Joining date in my current employment is 11 May 2010,but I have wrongly mentioned 12 May 2010 in EOI (1 day later).Now I got the invitation, so I cannot make any change in EOI.Please suggest me what should I do while filing 189 visa.


----------



## BretSavage (Sep 2, 2014)

Aksh said:


> Joining date in my current employment is 11 May 2010,but I have wrongly mentioned 12 May 2010 in EOI (1 day later).Now I got the invitation, so I cannot make any change in EOI.Please suggest me what should I do while filing 189 visa.
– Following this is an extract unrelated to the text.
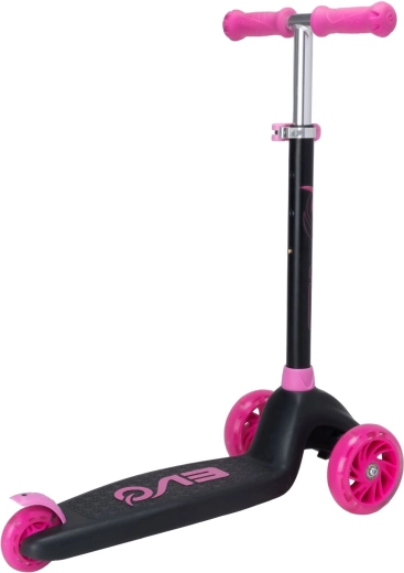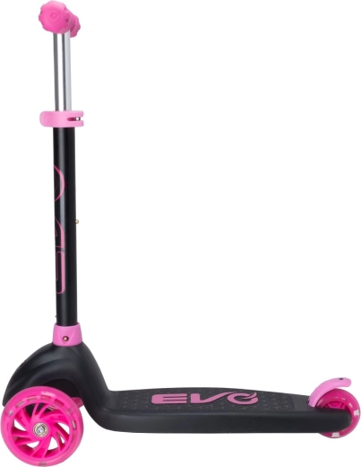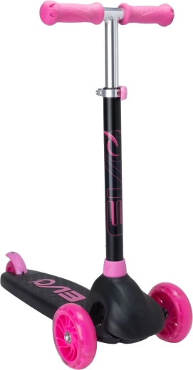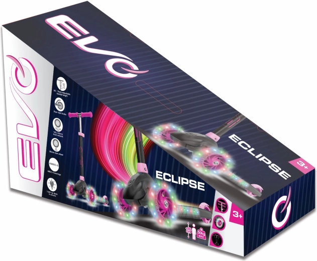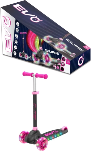 Szórakoztató és biztonságos háromkerekű roller 3 éves kortól. A EVO Eclipse modell a két első keréknek köszönhetően stabil haladást kínál, állítható kormánnyal követi a gyermek növekedését, valamint LED világítású kerekekkel és alvázvilágítással növeli a láthatóságot és az élményt. A bedöntéses kormányzás fejleszti a koordinációt, a lábfék pedig biztos megállást nyújt.

Hopefully it wont make much of a difference....however if you can get a new letter from ur employer


----------



## Aksh (Oct 29, 2014)

Actually ,I cannot get a letter for a wrong date.Can I fill the correct date in Visa application but it is one day difference with EOI.However,this mistake does not affect claimed points.


----------



## GinjaNINJA (Apr 29, 2014)

No big deal. 
Enter right details in eVisa app form.


----------



## gerardOZ (Jul 13, 2014)

I had made the same mistake, with the difference of 5 days. i just put the correct date in the evisa 
and did not fill up form 1023 but just now i received the grant


----------



## Aksh (Oct 29, 2014)

Thanks all for ur suggestions.


----------



## BretSavage (Sep 2, 2014)

gerardOZ said:


> I had made the same mistake, with the difference of 5 days. i just put the correct date in the evisa
> and did not fill up form 1023 but just now i received the grant


Congratz.....lane:


----------



## TheExpatriate (Feb 7, 2014)

nothing to worry about ..... mention the right dates in eVisa and Form 80, and if you wanna make it look like the innocent mistake that it really is, submit form 1023


----------



## TheExpatriate (Feb 7, 2014)

besides, you actually underclaimed instead of overclaiming


----------



## Aksh (Oct 29, 2014)

Thanks.I will correctly fill in eVisa and form 80.In case if I make any other mistakes while submitting, I will use 1023 form to include this alstherwise I just leave it.


----------



## horizon80 (May 25, 2016)

*Did you get the grant without 1023*



Aksh said:


> Thanks.I will correctly fill in eVisa and form 80.In case if I make any other mistakes while submitting, I will use 1023 form to include this alstherwise I just leave it.


Hello 

I too did one day error in EOI for my overseas employment tenure i.e. I left UK on 20 Nov 2011 while I mentioned 19 Nov 2011. Similarly I entered India on 21 Nov 2011 while I mentioned 20 Nov 2011. It doesn't affect my total work experience. Do I need to do any correction? What dates should I fill in eVisa form?

Thanks
KH


----------